Automatically generate optimized Parquet/Arrow schemas for better compression.
Project description
AutoParquet
AutoParquet is a Python package that wraps Parquet/Arrow to automatically generate optimized schemas for your data. It focuses on better compression through automatic bit-packing, int-packing, and dictionary encoding, while providing a convenient "header" system for storing custom metadata.
Quick Start
Installation
git clone https://github.com/edawson/autoparquet
cd autoparquet
pip install -e .
Or with dev dependencies:
pip install -e ".[dev,polars]"
Basic Example
import pandas as pd
import autoparquet
df = pd.DataFrame({
"id": [1, 2, 3, 4, 5],
"category": ["A", "B", "A", "B", "A"],
"value": [1.1, 2.2, 3.3, 4.4, 5.5]
})
# Write with automatic schema optimization and a custom header
autoparquet.write_parquet(
df,
"data.parquet",
header={"version": "1.0", "author": "Eric T. Dawson"}
)
# Read back the data and the header
df_read, header = autoparquet.read_parquet("data.parquet")
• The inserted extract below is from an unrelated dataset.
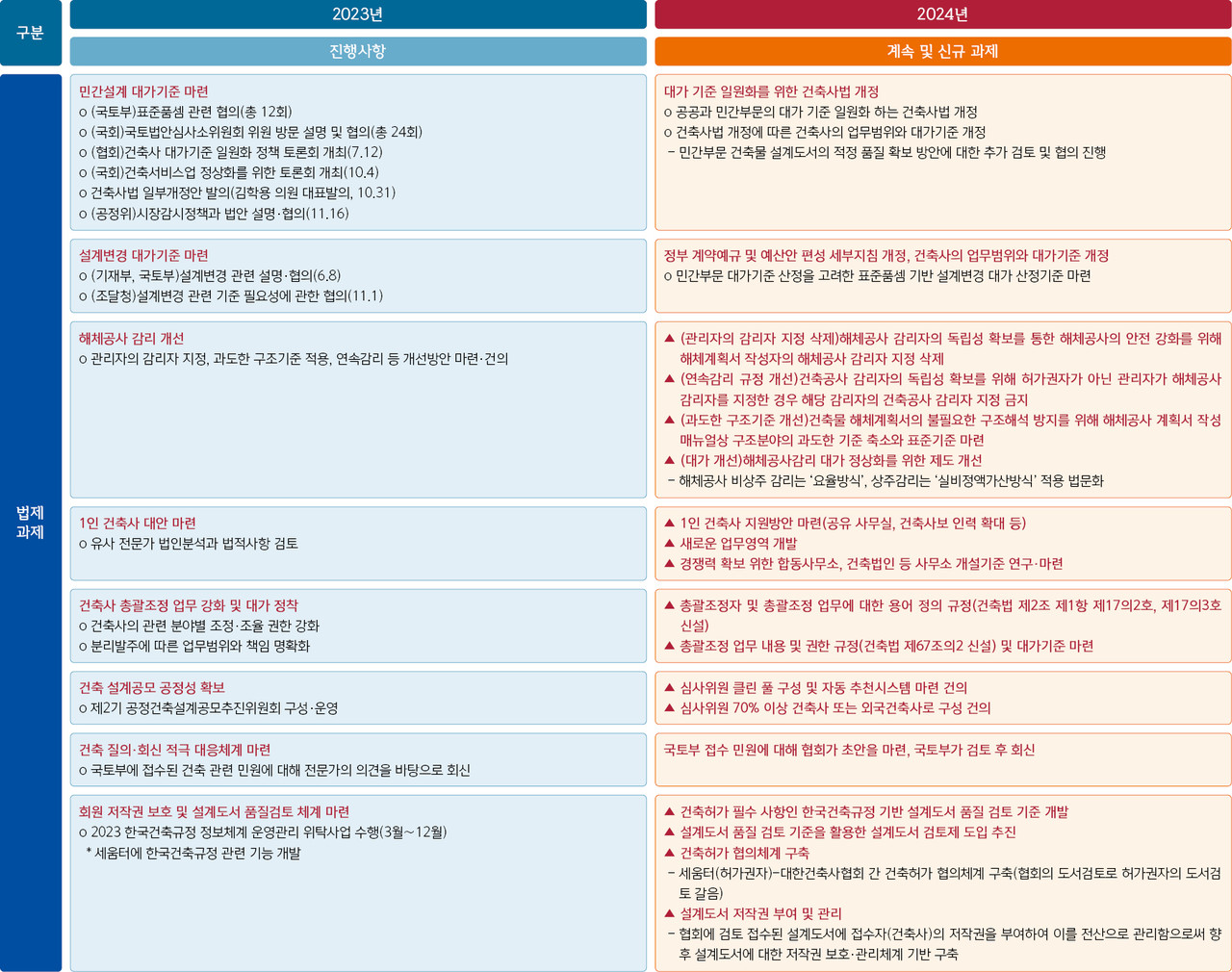 민간설계 대가기준 마련, 대가 현실화에 힘 쏟아

print(header) # {'version': '1.0', 'author': 'Eric T. Dawson'}
Command Line
# Convert CSV to optimized Parquet (default: zstd compression)
autoparquet csv_to_parquet data.csv
# Convert CSV to Feather with custom options
autoparquet csv_to_feather data.csv -o out.feather -c snappy
# Tab-separated input with reduced float precision
autoparquet csv_to_parquet data.tsv -d $'\t' -f float32
Features
- Automatic Schema Inference: Downcasts integers to the smallest type that fits and optionally reduces float precision.
- Optimized Compression: Dictionary-encodes low-cardinality strings with the smallest index type; converts uniform-length strings to FixedSizeBinary.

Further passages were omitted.